E enquanto o microfone salta de mão para mão, vou pensando que isto – a vida, a história ou o que lhe quisermos chamar – é mesmo feito de ciclos.
Temos de parar de tentar salvar o mundo através de campanhas. Uma das tendências que sai de Cannes é a de que devemos ser genuínos na forma como comunicamos propósito, devemos focar-nos no nosso público e não pensar que a nossa campanha vai salvar desde o glaciar Perito Moreno na Patagónia, até aos cães da União Zoófila ali em Sete Rios.
Foquemo-nos no que a nossa marca representa, na sua identidade, nos seus públicos – que muitas vezes não querem sentir que lhes estão a disparar tudo para cima – e trabalhemos nesse nicho.
Voltemos, assim, ao ciclo – fim do século passado? – em que a comunicação era objetiva, genuína e sem falsos propósitos.
Mas há mais novidades a sair de Cannes. E não, não é a inteligência artificial (IA) que não só já não é novidade como o discurso continua a ser o mesmo – a IA não vai substituir a criatividade ‘cerebral’, artesanal e humana.
Trabalhada com inteligência (da verdadeira), a IA vai ser um complemento. Sempre um complemento e não um Rei Sol. A novidade, ou tendência crescente, é o recurso ao humor na comunicação.
Um humor que não é rebuscado.
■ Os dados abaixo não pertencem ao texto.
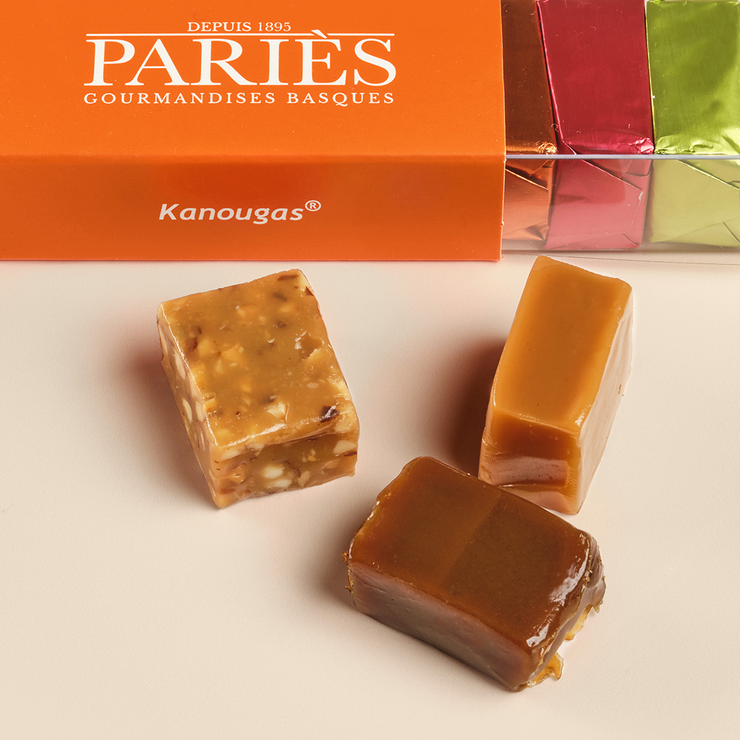 La especialidad más antigua de Maison Pariès es una creación del chocolatero Jacques Damestoy. Suntuosamente enriquecido con nueces o avellanas, aromatizado con café y vainilla, el kanouga es en sí mismo un mundo de sutileza. Fue bautizado por la prensa de Nueva York “Mejor caramelo del mundo”.

Simples. Direto. Até para conter esse avanço ainda por controlar da IA. Como disse Trevor Robinson, fundador da Quiet Storm, “às vezes, não é intencional, mas os produtos e a seriedade das pessoas podem ser muito engraçados”.
Tive muita pena de não estar em Cannes, mas fui acompanhando de perto o que se passava no ‘Palais’, pois a Adagietto esteve muito bem representada pelo nosso Chief Creative Officer, Giba Barros, e pelo copy João Rosa.
Dizem-me que regressar a Cannes ano após ano é uma experiência difícil de descrever. Se fosse um prato de um restaurante, diz-me o Giba numa das nossas conversas ao longo da semana do festival, comeríamos, intrigados com o que nos espera. Teríamos dúvidas, provaríamos uma e outra vez o prato que nos puseram em frente.
E, no final, acontecia o que acontece à maioria das pessoas: uma memória de uma experiência transformadora que deixa marcas profundas em todos que tiveram o privilégio de provar.
Cada prémio conquistado representa não apenas uma ideia brilhante, mas também a persistência, a luta e a paixão que transformaram essa mesma ideia em realidade. Mas não é apenas sobre ganhar prémios.
Os dias passados no ‘Palais’ são sobre crescer, aprender e inspirar continuamente. Ver o trabalho de outros profissionais, ouvir as suas histórias e entender os seus processos criativos dá-nos uma nova perspectiva e inspira-nos a ir além do óbvio.
Como? A sugestão da edição deste ano do festival é brilhantemente simples: com recurso a ‘insights’ verdadeiros, com ajuda de IA como uma ferramenta que nos liberte para sermos mais criativos para melhorar o ‘craft’ das nossas ideias e sempre a evitar termos a ambição de que a nossa campanha vai mudar o mundo. Volto ao microfone aos saltos. E dou razão ao marco Paulo.